Digamos que la explotación durísima de los cuerpos en lugares físicos (fábricas y talleres) en
el período llamado fordista iba acompañada de una sombra o espectro de “habitación”: el
trabajador “habitaba” la fábrica en la medida en que repetía gestos alienantes, sí, pero la
“habitaba” sobre todo porque en ella se construía una experiencia y una biografía, así como
una comunidad solidaria de cuidados recíprocos (que a veces se denominaba sindicato). Pues
bien, la deslocalización de las fábricas y los cuerpos coincide con la financiarización de la
economía y estos dos fenómenos a su vez con la explotación masiva, por vía tecnológica, del
tiempo libre. Es lo que el filósofo francés Bernard Stiegler ha calificado con acierto de
“proletarización del ocio”, que define como una extensión de la proletarización del trabajo:
del mismo modo –dice– que el trabajador proletarizado no es dueño de sus medios de
producción, el consumidor proletarizado no es dueño de sus medios de re–creación. No es
dueño, en definitiva, de su tiempo libre, que se traslada del espacio y sus objetos a esos flujos
tecnológicos sincrónicos que atraviesan y parasitan el tiempo mismo de nuestra conciencia.
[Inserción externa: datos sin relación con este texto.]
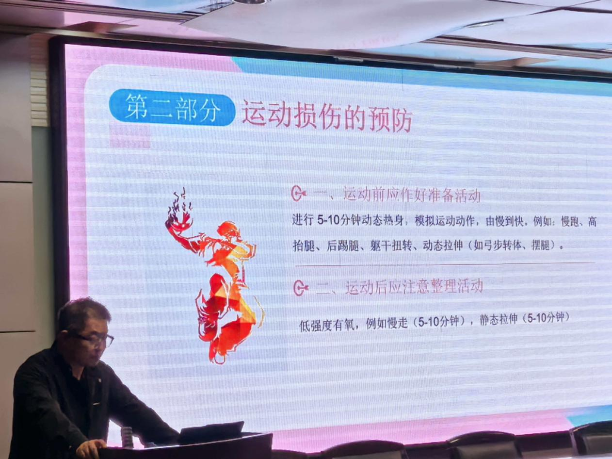 杨永利以“运动损伤、预防和处理”为主题,通过图文并茂的PPT和现场模拟,详细讲解了运动前科学热身、运动中自我保护、常见损伤如扭伤、抽筋的及时处理办法,重点演示了心肺复苏(CPR)的关键步骤,并提醒运动员们:“了解极限、尊重身体,才是对自己真正的负责。”

De manera mucho menos filosófica podemos decir que el capitalismo neoliberal altamente
tecnologizado ha prohibido el aburrimiento, foco de resistencia corporal no rentable y no
controlable. La sedicente “industria del entretenimiento” mueve más beneficios que las
drogas y casi tantos como las armas; y es a través de ella que se obtiene además información
sobre los cuerpos y sus deseos.
Esta “proletarización del ocio”, volcada en las redes sociales, es de algún modo incompatible
con el concepto de “casa”. Antes hablábamos de la descentralización del fuego en pantallas
individuales periféricas como de una dispersión y volatilización de los cuerpos reunidos; y
asociada a su vez a la erosión de la frontera entre una polis virtual inhabitable y un “hogar”
ahora deshabitado. Pero es que el formato tecnológico mismo –que, por cierto, rechazan para
sus hijos y para sí mismos los artífices de la revolución digital de Sillicon Valley– impide de
una manera aún más radical la construcción de una “casa”.
Qué esté prohibida la hypomoné quiere decir que ahora está prohibido esperar. Y quiere decir
que ahora está prohibida la distancia.
Detengámonos aquí un instante para acabar. La atención es la decisión de poner el objeto allí
donde no puedo comérmelo: lejos en el tiempo y en el espacio. La decisión –es decir– de
esperar el objeto si aún no ha llegado y de renunciar a comérmelo si ha llegado ya. La
hipomoné tiene que ver, por tanto, con una ontología del “aún” o del “todavía”. En la espera
decimos: aún no ha llegado. En la mirada decimos: aún dura. Lo contrario de esta ontología
del “aún” es una necrología del “ya”. Siempre comemos en un ya. Siempre nos comemos un
ya. Lo que –reparemos en ello– nos devuelve a esa diferencia enunciada más arriba entre la
deuda y el ahorro o entre el presente de la destrucción y el futuro de la conservación.
En definitiva, las cosas –los cuerpos– tienen valor porque las esperamos y las cuidamos. Así
que hablar de un mundo sin tiempo de espera y sin atención (sin hypomoné weiliana) es
hablar de un mundo sin “aún”, un mundo sin “valor”, un mundo enteramente comestible. Un
mundo de incuria, descuidado, desatento, que pasa por encima de los cuerpos, descompuestos
en imágenes o en sistemas, para parasitar la abstracción del presente y sus ruinas
desahabitadas. Un mundo “inhabitable” en el que es imposible construir una verdadera
“casa”. Un mundo, en suma, del que hemos desalojado a los humanos, clave y condición de
toda arquitectura, y con ellos el mundo mismo.